Another panelist agreed “The current paradigm is not sustainable,” said Lisa Storrie-Lombardi of JPL. There are ways to cut mission costs and get good science, she argued, such as Spitzer, which lowered its cost from $2.2 billion to $800 million through a series of design changes that still resulted in a highly successful mission. She added, though, that this approach won’t work in every case.
Another way out of the current paradigm, she said, could be through the use in-space assembly for large space telescopes. “That looks to me like a path,” she said, despite the near-term costs and technological challenges. “On a 30-year timescale, it could provide us a path to huge telescopes and get us out of the too-big-to-fail model.”
Alan Dressler, an astronomer with the Carnegie Observatories, said that astronomers need to avoid repeating the experience with the 2010 decadal survey that recommended WFIRST. That study was faced with what he said was a “less than $2 billion budget envelope” for new missions, and many of the missions it considered were too expensive.
“Instead, we found three programs, all proposing the same hardware, a one-and-half-meter telescope, that together were considered a worthy mission,” he said.
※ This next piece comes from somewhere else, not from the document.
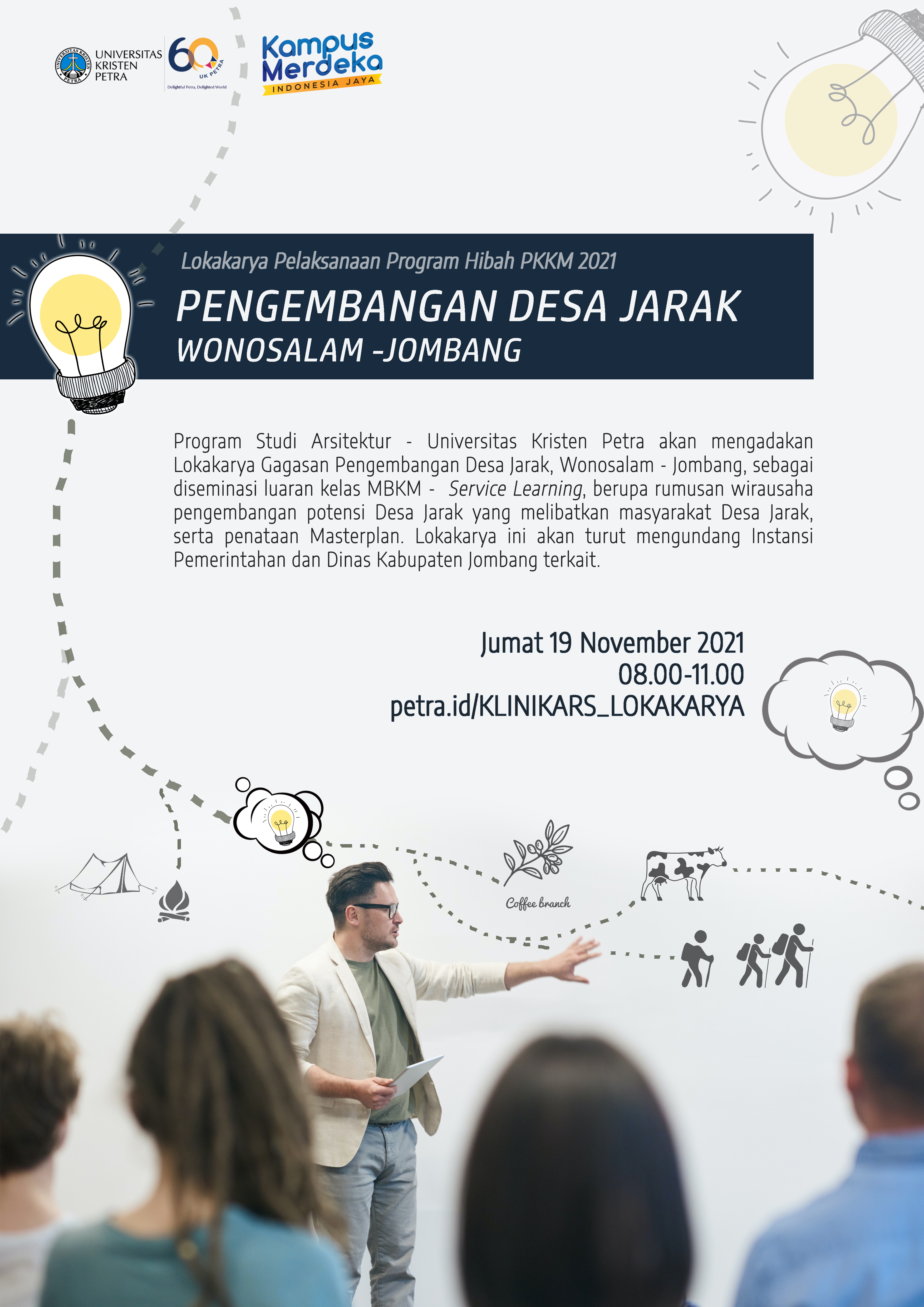 Program Studi Teknik Arsitektur UK Petra Surabaya pada tanggal 19 November 2021 jam 08.00 - 11.00 WIB akan mengadakan Lokakarya pelaksanaan dana hibah PKKM 2021. dalam lokakarya ini akan dimunculkan ide-ide gagasan berupa pengembangan desa Jarak, Wonosalam kabupaten Jombang. Untuk informasi lebih lanjut silahkan hubungi petra.id/KLINIKARS_LOKAKARYA.
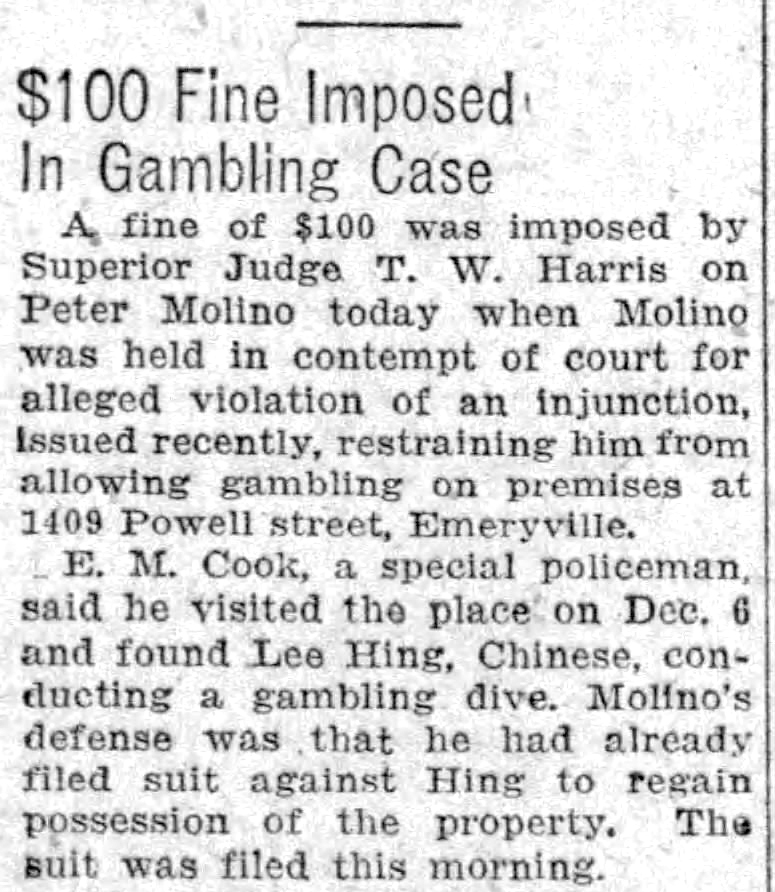 Following his arrest, Molino was fined $100 but released from custody. The proprietor of the gambling operation, Lee Hing, appears in news archives throughout this period of prohibition.

Combined, those efforts to study dark energy, detect exoplanets through microlensing, and perform wide-field imaging, became WFIRST.
The mission has since grown, both in cost and ambition, in part because NASA gained access to a 2.4-meter telescope from the National Reconnaissance Office it now plans to use for WFIRST. “The new WFIRST is an excellent mission, a powerful mission, far better than anything that we had imagined,” he said.
That came at a cost, though, beyond WFIRST’s increased price tag. “What has been lost is an opportunity to start one of the flagship missions early in the 2020s,” he said. One of the reasons behind that original small cost envelope for the 2010 decadal, he said, was the ability to start a mission from the 2020 decadal early. He suggested WFIRST might have been better carried out as a $2 billion cost-capped mission, allowing it to be done faster and freeing up budget to start the next flagship sooner.
“The science should drive the program, not the budget,” said Hertz. “If you assume you’ll have a small budget, you’re going to have a small program.” |
The Astro2020 committee is not likely to face the strict budget envelope of the 2010 decadal. In a presentation at the beginning of the workshop, NASA’s Hertz projected that there was about $5 billion in the astrophysics budget available over the next decade for strategic, or flagship, missions. That could grow to as much as $7 billion if budgets grew with inflation, he added.
He cautioned the committee, and astronomers in general, from being too pessimistic about the future, despite the problems faced by JWST and WFIRST. “Seven billion dollars a decade is a lot of free energy for a decadal survey committee to play with,” he said. “The decadal survey committee should not be scared of big missions because they cost a lot. They should think about what is the science that we need to do, and what are the missions that we need to do that science.”
At the workshop, and the earlier Committee on Astronomy and Astrophysics meeting, Hertz rolled out a phase that outlined his philosophy for the upcoming decadal: Carpe Posterum, or “seize the future.”
In a panel session at the end of the workshop, he went so far to say that all four of the flagship missions being studied for Astro2020 should be flown at some point. “We’re not picking which mission we’re going to do, we’re picking which mission we’re going to do first,” he said, calling the four missions under consideration the “next generation of Great Observatories,” the name applied to the Hubble Space Telescope, Compton Gamma-ray Observatory, Chandra X-Ray Observatory, and Spitzer Space Telescope.
“The decadal survey committee should be ambitious,” he said. “The science should drive the program, not the budget. If you assume you’ll have a small budget, you’re going to have a small program.”